Playing with Power: Implications of the Increased Presence of Corporations in the Social Sphere

Among many actors influencing social, economic, and political life, corporations are increasingly gaining power. Society is divided into two categories: those demanding more social activism from corporations, and those fearing corporations may grow too powerful. In their pioneering work, The Modern Corporation and Private Property, written in 1932, Adolf Berle and Gardiner Means predicted that corporations will eventually grow so powerful that they will be competing with the government for the dominant form of social organization. Has that day come?

Recent examples of corporate social advocacy on LGBT rights and Gun Control Movement by companies like Salesforce and DELTA exemplify how corporations use their economic leverage to push their political agendas– demonstrating both the potential of corporate activism and the vulnerability of the policymakers. Even more vociferous are the evolutions on voter suppression issues, where it becomes harder and harder to draw the line between pure social activism and partisan political championing.

The 2020 presidential elections exposed a longstanding problem: the fragile balance of voting rights. After his defeat, former President Trump incited an overly zealous movement which resulted in hundreds of bills and policy proposals all over the country, most of them limiting voting rights in one way or another. Opponents of these laws, including voting rights activists and community leaders, urged businesses to stand up for democracy. And many stood.
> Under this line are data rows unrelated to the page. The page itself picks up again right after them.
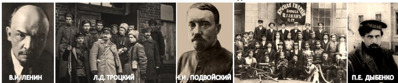
ОСНОВАТЕЛИ КРАСНОЙ ГВАРДИИ

Советского государства. Возникла необходимость демобилизации старой армии и создание новой советской армии.
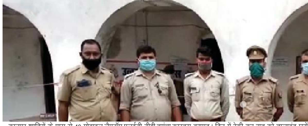
कानपुर शातिरों के पास से 40 मोबाइल,लैपटॉप,एलईडी टीवी,तमंचा,कारतूस बरामद। दिन में रेकी कर रात को तालाबंद घरों व दुकानों को बनाते थे निशाना। चक्रेरी,नौबस्ता और बिधनू में दर्जनों चोरी की वारदातों को अंजाम दे चुके थे शातिर चोर।।
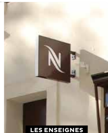
LES ENSEIGNES EN DRAPEAU
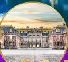
พระราชวังแวร์ซายส์
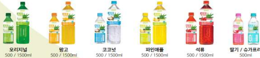
오리지널 500 / 1500ml 망고 500 / 1500ml 코코넛 500 / 1500ml 파인애플 500 / 1500ml 석류 500 / 1500ml 딸기 / 슈가프리 500ml
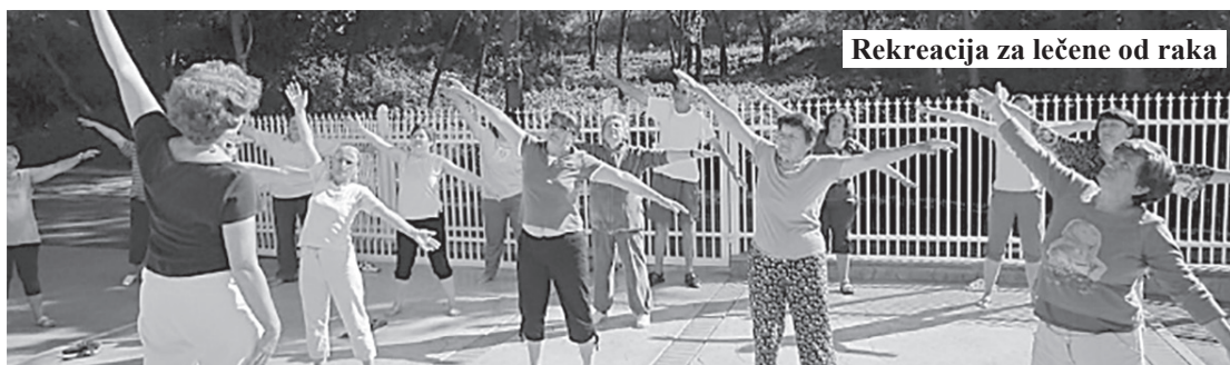
Rekreacija za lečene od raka
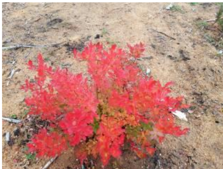
Рисунок 16 – Антоциановая окраска кустов голубики узколистной отборной формы №2
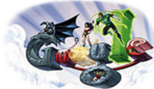
DC Comics (US)
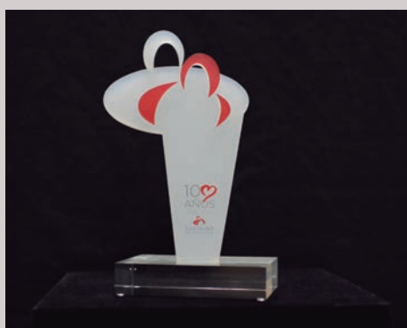
Centenario de la Residencia de La Caridad Reconocimiento a la Fundación Caja Cantabria

Esta red de espacios da soporte a una actividad intensa, de servicio a la sociedad, que desarrolla su acción bajo parámetros de transparencia, eficiencia y pluralidad.

An impressive business alliance soon emerged opposing the former President’s movement, led initially by black leaders, such as Kenneth Chenault (a former American Express CEO) and Kenneth Frazier (CEO of Merck). It grew steadily, coopting notable brands, such as JP Morgan, Apple, PayPal, Amazon, Airbnb, Google, Pepsi, and many more. Some of them went even further than simple statements. For example, Major League Baseball decided to move its All-Star Game from Atlanta after Georgia legislators passed a highly controversial voting rights bill. Other big names, like Coca-Cola, announced their decision to pause political donations.

But what repercussions can corporate activism have on political processes? Will it be the balancing element between people’s needs and interests of politicians or a trojan horse driven by pure profit?

Some community leaders say corporations gain their power directly from communities and people, thus it is natural that companies should use their leverage to speak up and stand for those communities. The idea that companies should increasingly utilize this leverage is seemingly reinforced by local leaders who have come to expect this kind of advocacy on their behalf from influential companies. For example, in Georgia, Governor Brian Kemp signed a bill restricting voting rights by limiting volunteers from serving water or food to voters in line, along with imposing voter ID requirements and limiting drop boxes. As a result, Black communities publicly demanded action from big companies based in Georgia. And when that action didn’t come, some religious and community leaders, such as Bishop Reginald T. Jackson of the Sixth Episcopal District of the African Methodist Episcopal (AME) Church—representing over 500 churches in Georgia—announced an economic boycott of Coca-Cola, Delta, and Home Depot on April 1, 2021. Notably, Bishop Jackson asserted, “We cannot and will not support companies that do not support us in our struggle to cast our ballots and exercise our freedom.”

Opponents of corporate social advocacy warn about the perils of such ventures. The Senate minority leader Mitch McConnell claims that businesses ought to “stay out of politics.” Mr. McConnell blamed corporate leaders for “dabbling in behaving like a woke parallel government.” He went further, threatening that companies’ actions “will invite serious consequences if they become a vehicle for far-left mobs to hijack our country from outside the constitutional order.”

As an old saying says, the truth must be somewhere in the middle. Mr. McConnell’s allegations do bear some rationale and there are troublingly powerful corporations indeed. But it can hardly be argued that any of them have done too much social activism if too much social activism is even possible at all. Business leaders standing for religious, racial, or sexual minorities or corporate engagement on climate crisis is barely a sign of “hijacking the country.” If there is something to be apprehensive about, it is the other side of corporate advocacy: suspicious funding of political agenda and all shades of influence peddling. And this, unlike corporate social activism, is not new at all.

But there is another angle to look at this problem. The growing need for corporate interference on social issues is proportional to the increasing inefficiency of policymakers. Politicians are so absorbed by political battles and games, struggling to keep their power and undermine their opponents, that in the process they become simply ineffective. Good laws are repealed, laws of compromise are passed, and those policies that people need the most are subjected to infinite debate with no foreseeable outcome.

In absence of efficient political power, people and communities are turning to the next able actor in line. As it happens, it is corporations.